**Given entries:**
*** Begin section ***

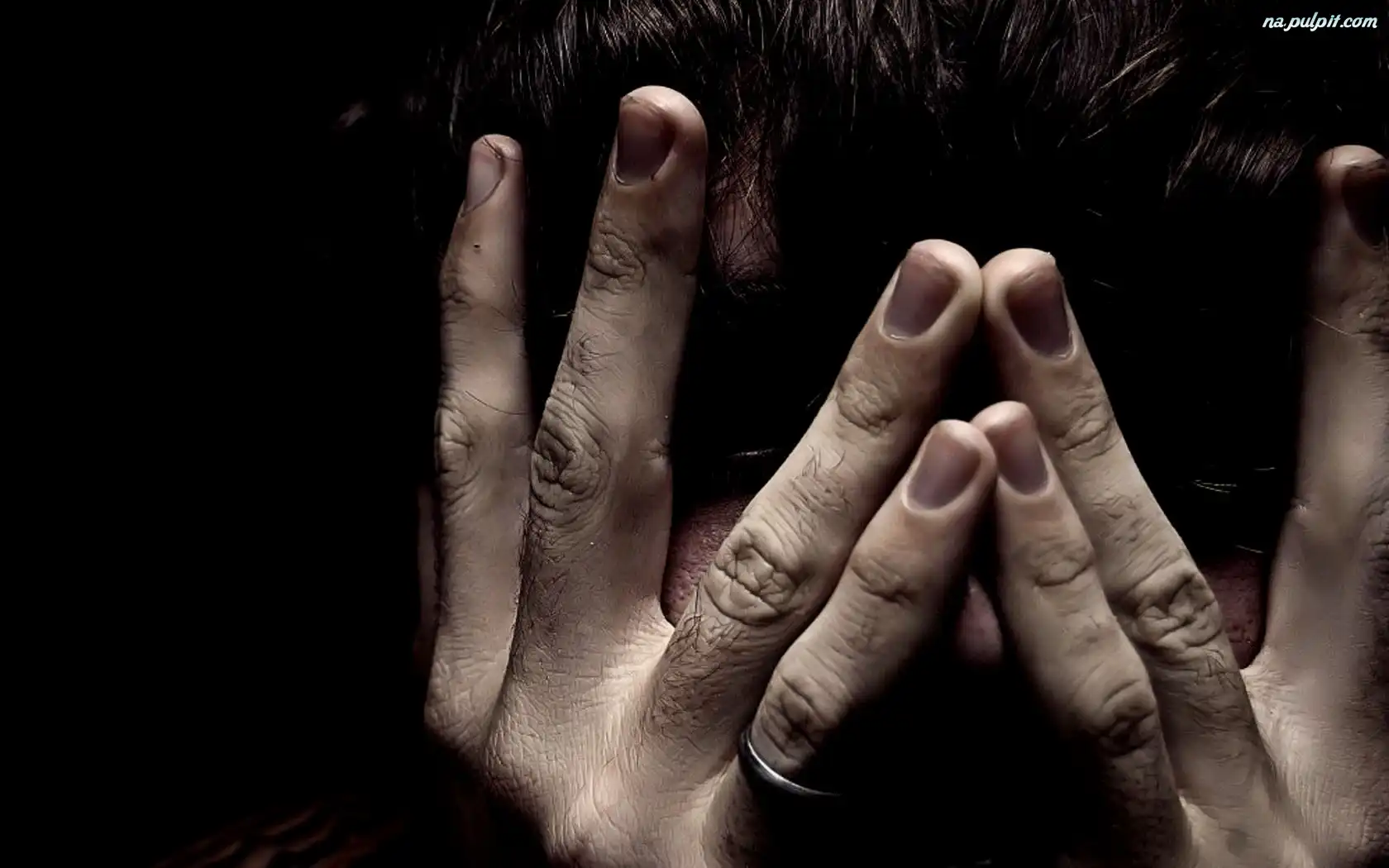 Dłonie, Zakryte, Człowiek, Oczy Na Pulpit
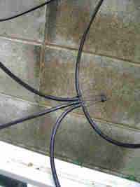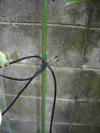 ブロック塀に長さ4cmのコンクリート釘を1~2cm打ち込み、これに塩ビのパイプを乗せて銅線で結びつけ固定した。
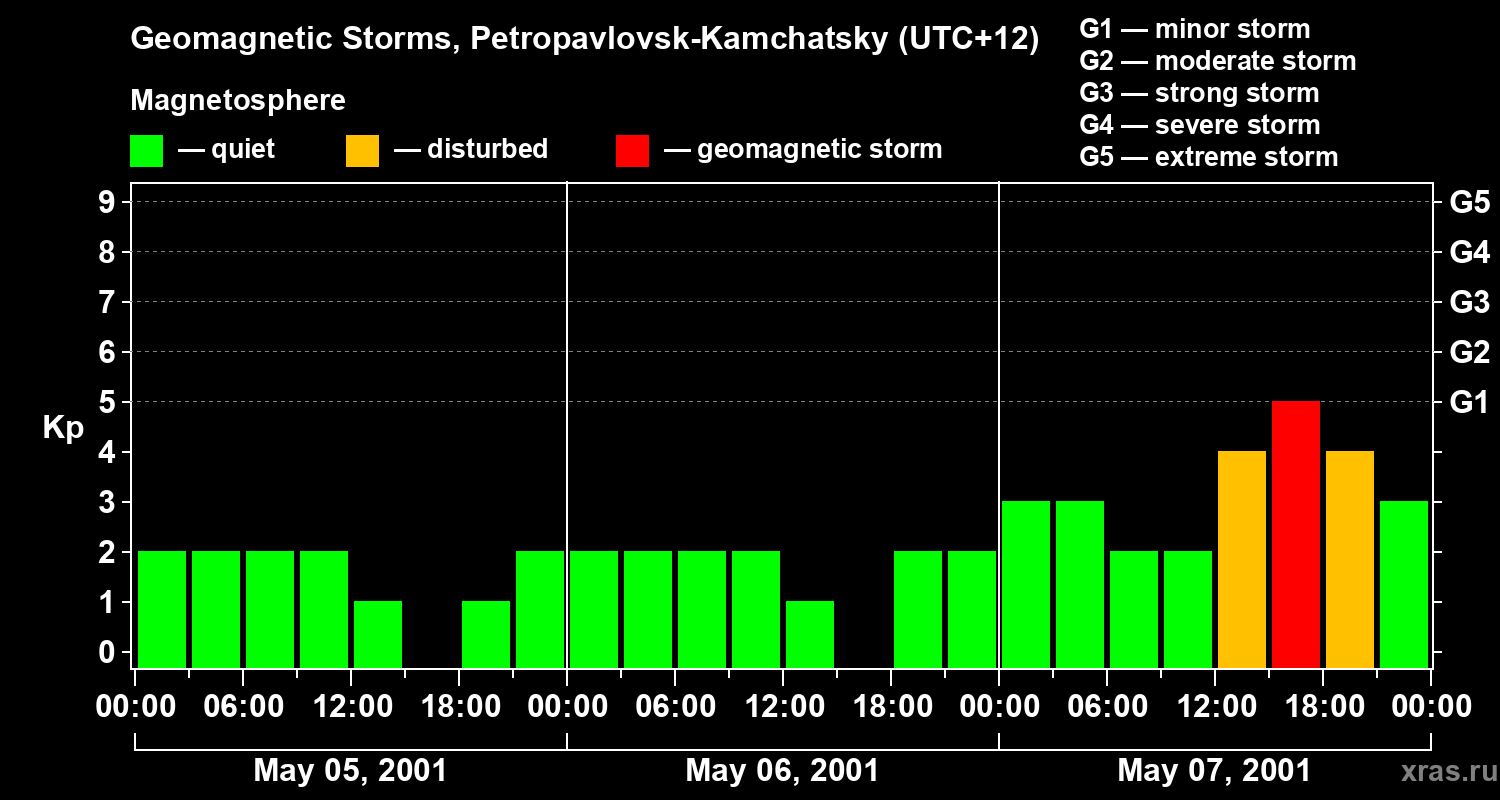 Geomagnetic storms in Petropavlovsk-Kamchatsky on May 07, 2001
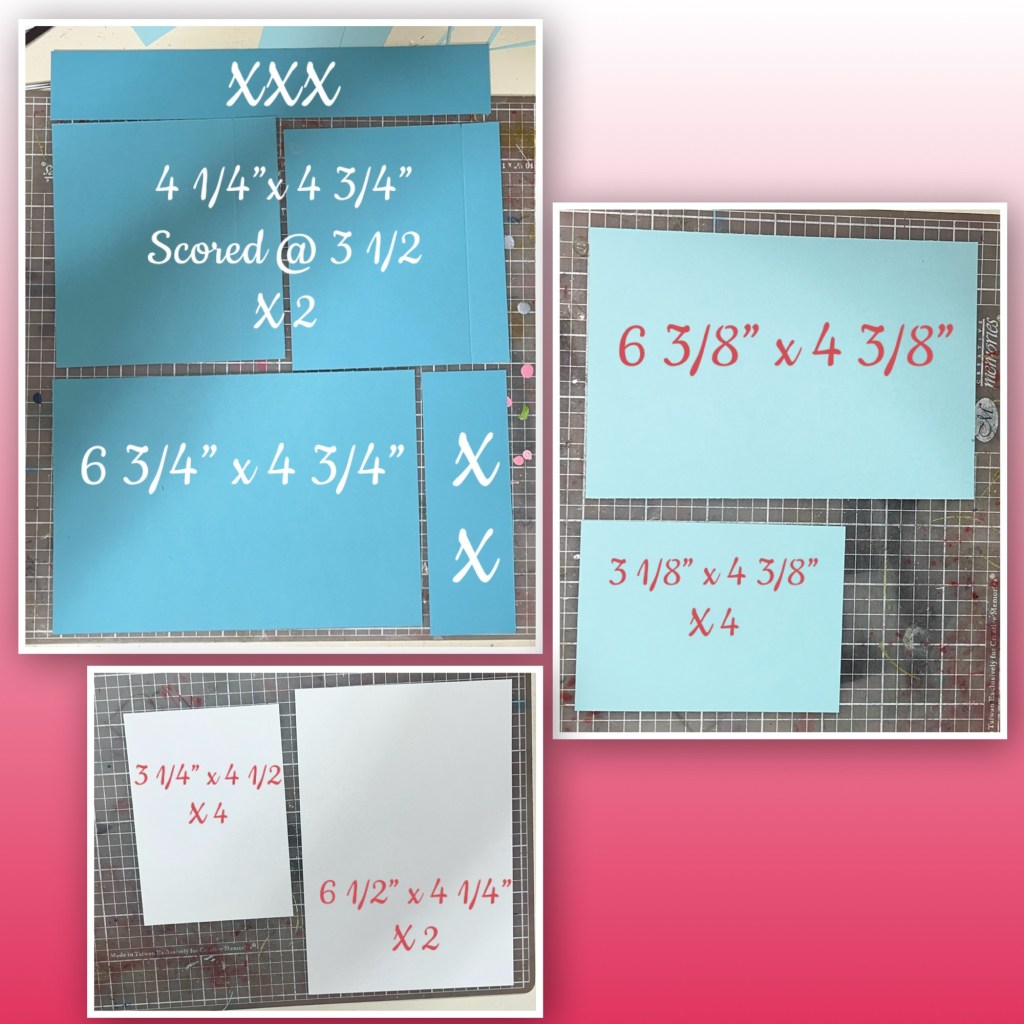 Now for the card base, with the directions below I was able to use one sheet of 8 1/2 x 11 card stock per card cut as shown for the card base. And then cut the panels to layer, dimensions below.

*** End section ***
*** Begin section ***

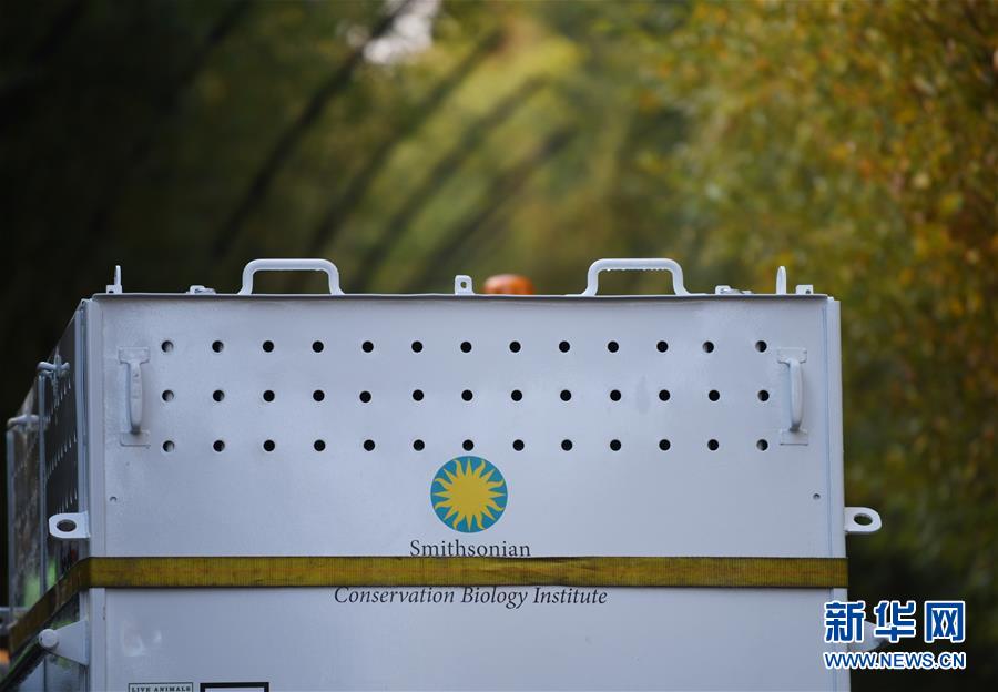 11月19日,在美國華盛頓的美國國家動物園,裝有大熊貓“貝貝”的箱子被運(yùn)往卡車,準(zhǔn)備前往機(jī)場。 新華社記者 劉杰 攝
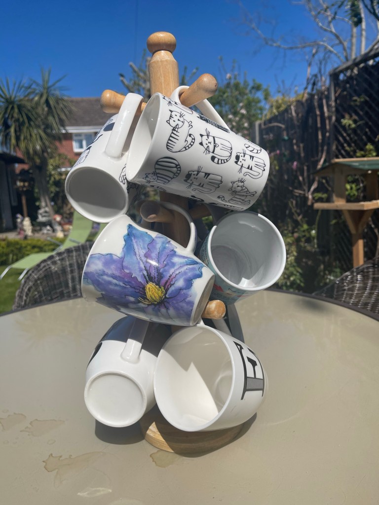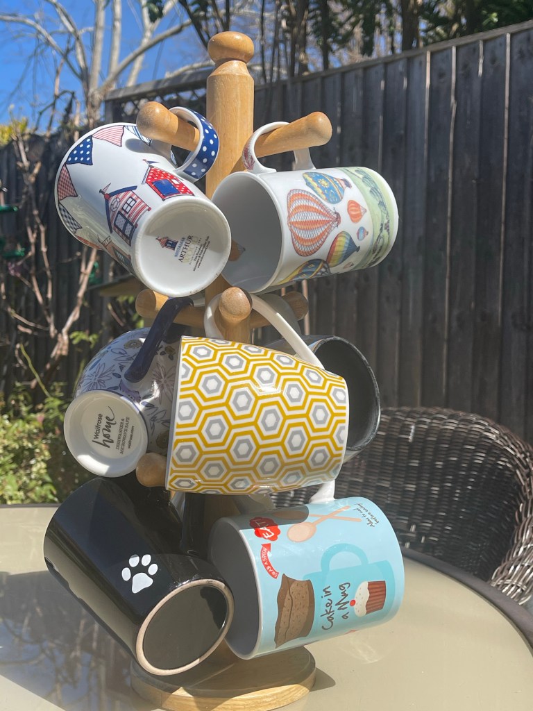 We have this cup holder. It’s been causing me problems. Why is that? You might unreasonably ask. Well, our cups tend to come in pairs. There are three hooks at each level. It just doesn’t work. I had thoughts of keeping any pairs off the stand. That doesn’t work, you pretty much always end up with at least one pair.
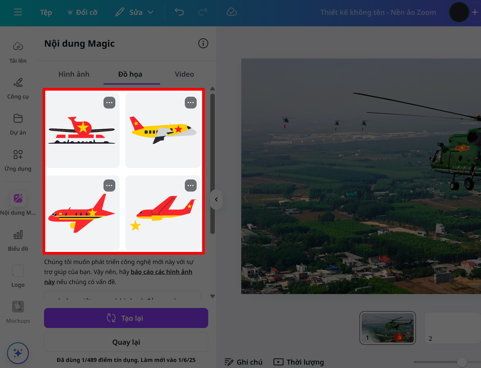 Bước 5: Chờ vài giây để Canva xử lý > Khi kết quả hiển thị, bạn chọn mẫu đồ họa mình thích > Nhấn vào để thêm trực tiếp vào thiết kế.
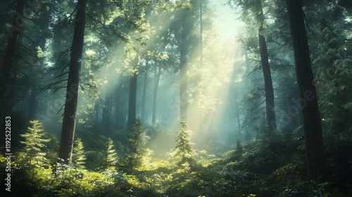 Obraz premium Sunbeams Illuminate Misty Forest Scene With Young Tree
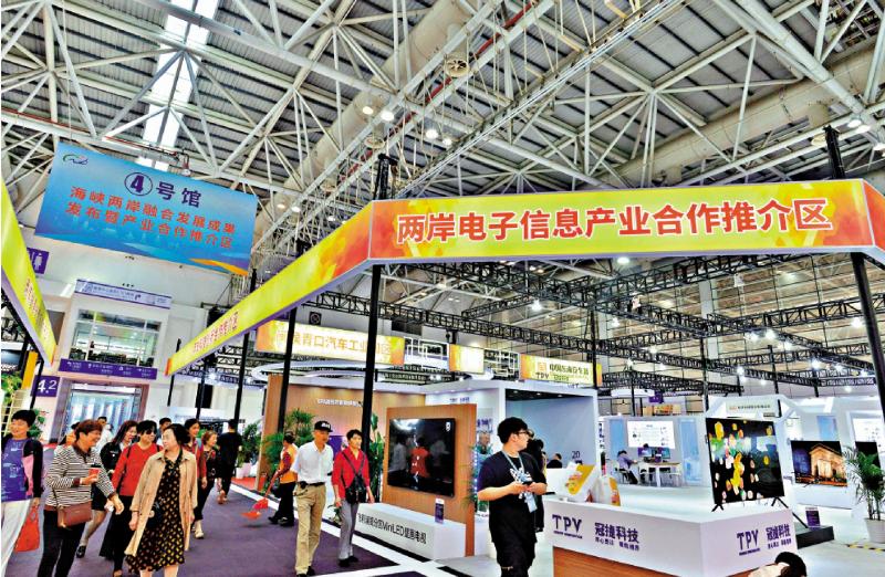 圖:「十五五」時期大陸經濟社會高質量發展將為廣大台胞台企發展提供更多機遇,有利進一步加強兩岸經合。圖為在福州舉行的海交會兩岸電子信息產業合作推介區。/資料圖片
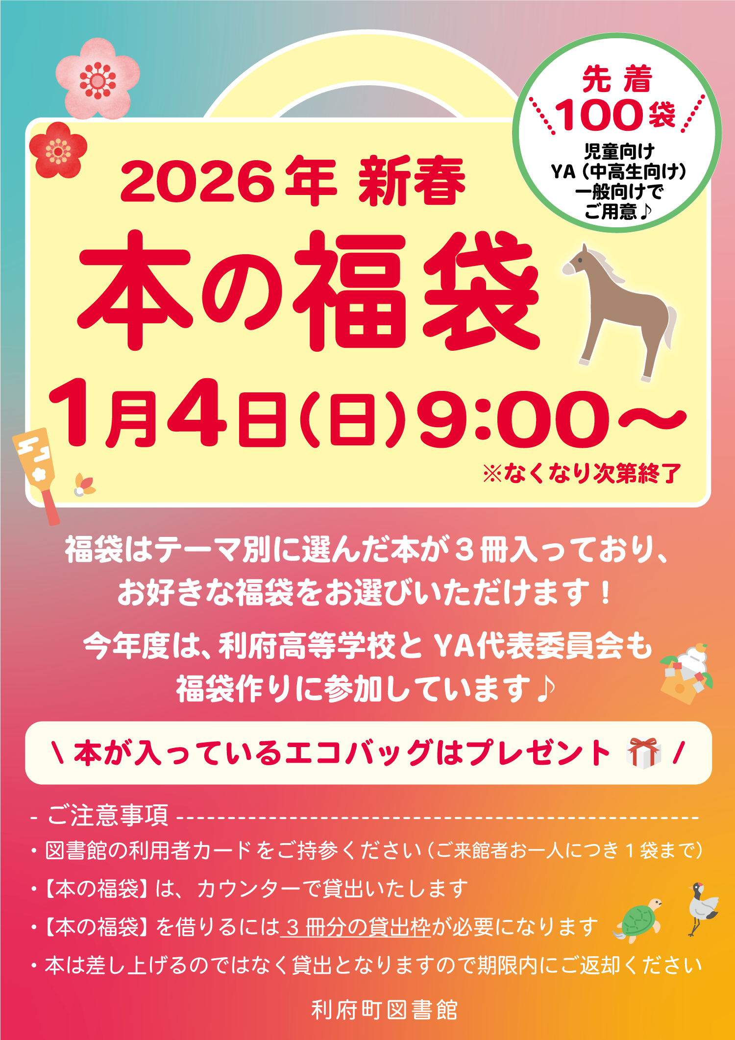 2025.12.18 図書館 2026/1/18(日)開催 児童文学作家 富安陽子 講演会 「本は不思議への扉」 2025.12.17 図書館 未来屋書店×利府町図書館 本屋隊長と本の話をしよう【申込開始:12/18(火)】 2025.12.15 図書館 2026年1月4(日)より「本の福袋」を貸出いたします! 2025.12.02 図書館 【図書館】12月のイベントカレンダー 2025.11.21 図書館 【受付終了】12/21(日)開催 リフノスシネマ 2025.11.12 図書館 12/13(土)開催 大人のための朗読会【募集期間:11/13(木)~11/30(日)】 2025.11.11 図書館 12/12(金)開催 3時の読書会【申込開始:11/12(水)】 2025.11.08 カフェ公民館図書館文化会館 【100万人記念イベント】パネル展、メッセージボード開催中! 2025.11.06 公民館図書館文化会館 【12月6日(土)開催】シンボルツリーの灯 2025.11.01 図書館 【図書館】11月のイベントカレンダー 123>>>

*** End section ***

Starting at the line with "ブロック塀に長さ4cmのコン" in the entries above, write out every line exactly until the line with "Now for the" has been written. Include no pictures and nothing more.

 ブロック塀に長さ4cmのコンクリート釘を1~2cm打ち込み、これに塩ビのパイプを乗せて銅線で結びつけ固定した。
 Geomagnetic storms in Petropavlovsk-Kamchatsky on May 07, 2001
 Now for the card base, with the directions below I was able to use one sheet of 8 1/2 x 11 card stock per card cut as shown for the card base. And then cut the panels to layer, dimensions below.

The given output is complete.